Comparison between data-driven clusters and models based on clinical features to predict outcomes in type 2 diabetes: nationwide observational study.

Diabetologia 2021 May 31. Epub 2021 May 31.

Institute of Medicine, University of Gothenburg, Sahlgrenska University Hospital, Gothenburg, Sweden.

Aims/hypothesis: Research using data-driven cluster analysis has proposed five novel subgroups of diabetes based on six measured variables in individuals with newly diagnosed diabetes. Our aim was (1) to validate the existence of differing clusters within type 2 diabetes, and (2) to compare the cluster method with an alternative strategy based on traditional methods to predict diabetes outcomes.

Methods: We used data from the Swedish National Diabetes Register and included 114,231 individuals with newly diagnosed type 2 diabetes. k-means clustering was used to identify clusters based on nine continuous variables (age at diagnosis, HbA, BMI, systolic and diastolic BP, LDL- and HDL-cholesterol, triacylglycerol and eGFR). The elbow method was used to determine the optimal number of clusters and Cox regression models were used to evaluate mortality risk and risk of CVD events. The prediction models were compared using concordance statistics.
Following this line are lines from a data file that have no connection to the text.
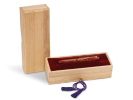 collezione "Emperor", fusto in lacca rossa "urushi" con decorazione "maki-e", raffigurante rami e fiori di alberi che raccontano il Giappone come l'eucalipto e i fiori di ciliegio, firmata dall'artista "Masaru Hayashi", pennino oro 14kt misura M, lungh. 17 cm, caricamento a contagocce di sicurezza. Corredata di scatola, firmata "Pino, Bamboo e prugna" 松竹梅 国光會 勝
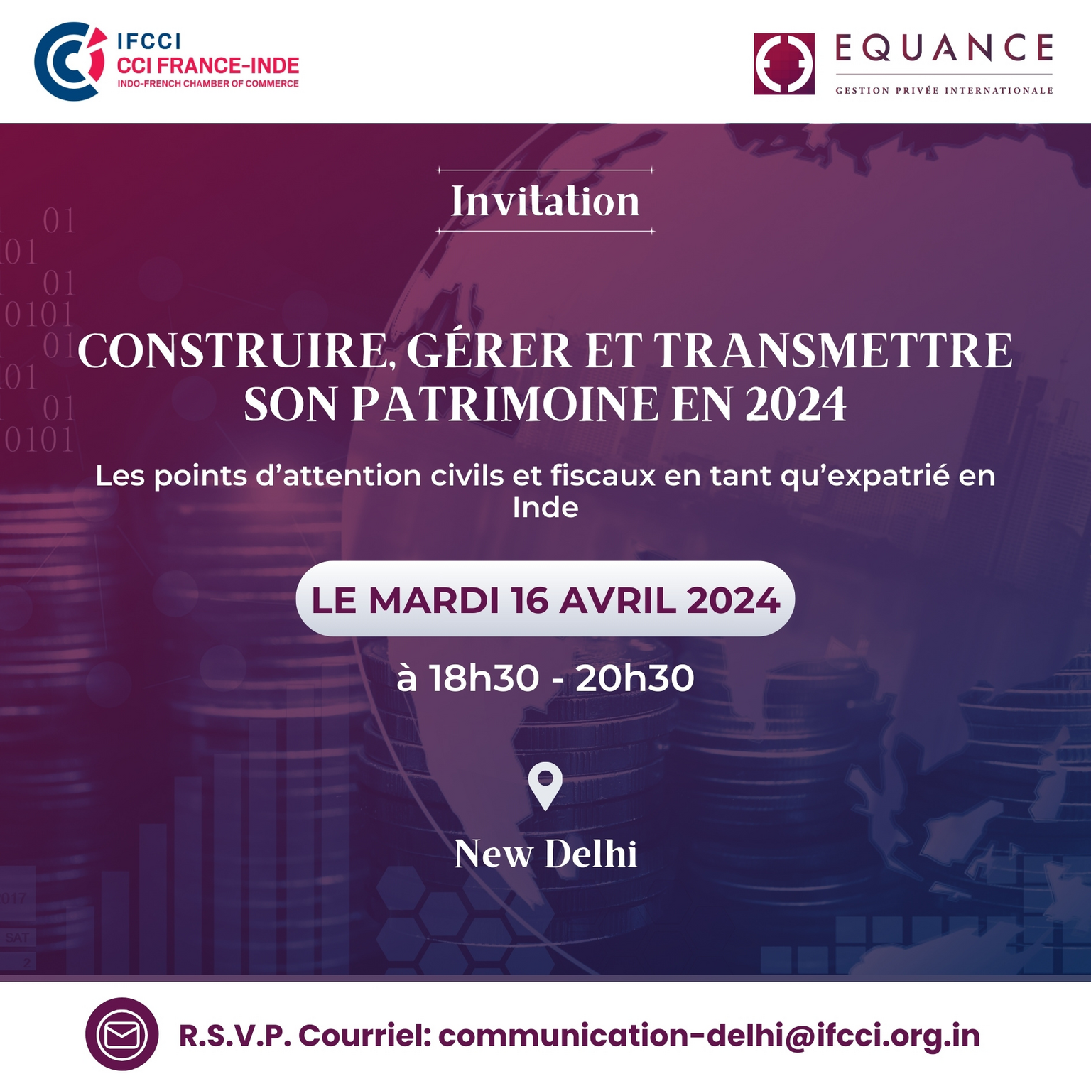 IFCCI et Equance organisent une conférence sur la gestion de patrimoine le 16 avril 2024, à New Delhi.
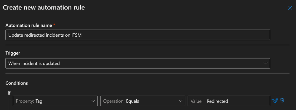 - The incident title is no longer predictable, as incident names can change through merging. If you use incident title as a condition, please change it to Analytic rule name and select the analytic rule that should trigger the automation.
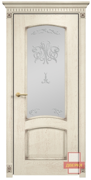 Фабрика Оникс / Прага стекло сатинат белый контурный витраж №2 / цвет слоновая кость патина золото / материал шпон
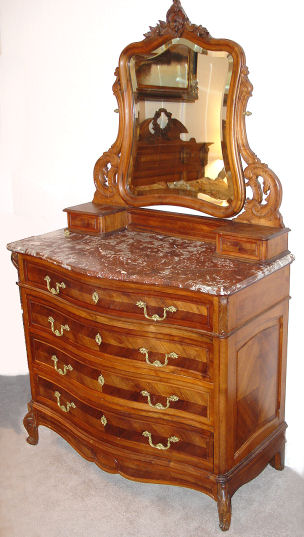 FRENCH VICTORIAN MARBLE TOP DRESSER: Beveled swing mirror between ornately carved supports, red marble top, bowed front, four full length drawers. 79'' h. x 46'' x 23''
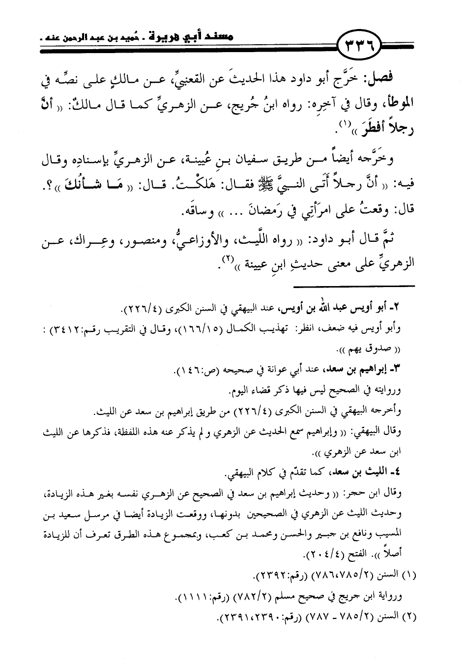فصل: خَرَّج أبو داود هذا الحديث عن القعنبيِّ، عن مالكٍ على نصِّه في الموطأ، وقال في آخِرِه: رواه ابنُ جُريج، عن الزهريِّ كما قال مالكٌ: "أنَّ رجلًا أفطَرَ" (١).
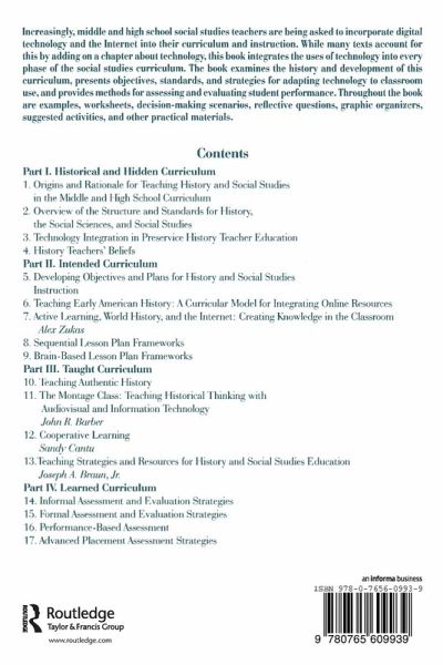 Preface Part I Historical and Hidden Curriculum Chapter 1 Origins and Rationale for Teaching History and the Social Studies in the Middle and High School Curriculum Chapter 2 Overview of the Structure and Standards for History, the Social Sciences, and Social Studies Chapter 3 Technology Integration in Preservice History Teacher Education Chapter 4 History Teachers' Beliefs Part II Intended Curriculum Chapter 5 Developing Objectives and Plans for History and Social Studies Instruction Chapter 6 Teaching Early American History: A Curricular Model for Integrating Online Resources Chapter 7 Active Learning, World History, and the Internet: Creating Knowledge in the Classroom Part III Sequential Lesson Plan Frameworks Chapter 8 Brain-Based Lesson Plan Frameworks Chapter 9 Taught Curriculum Chapter 10 Teaching Authentic History Chapter 11 The Montage Class: Teaching Historical Thinking with Audiovisual and Information Technology Chapter 12 Cooperative Learning Chapter 13 Teaching Strategies and Resources for History and Social Studies Education Part IV Learned Curriculum Chapter 14 Informal Assessment and Evaluation Strategies Chapter 15 Formal Assessment and Evaluation Strategies Chapter 16 Performance-Based Assessment Chapter 17 Advanced Placement Assessment Strategies

Results: The elbow plot, with values of k ranging from 1 to 10, showed a smooth curve without any clear cut-off points, making the optimal value of k unclear. The appearance of the plot was very similar to the elbow plot made from a simulated dataset consisting only of one cluster. In prediction models for mortality, concordance was 0.63 (95% CI 0.63, 0.64) for two clusters, 0.66 (95% CI 0.65, 0.66) for four clusters, 0.77 (95% CI 0.76, 0.77) for the ordinary Cox model and 0.78 (95% CI 0.77, 0.78) for the Cox model with smoothing splines. In prediction models for CVD events, the concordance was 0.64 (95% CI 0.63, 0.65) for two clusters, 0.66 (95% CI 0.65, 0.67) for four clusters, 0.77 (95% CI 0.77, 0.78) for the ordinary Cox model and 0.78 (95% CI 0.77, 0.78) for the Cox model with splines for all variables.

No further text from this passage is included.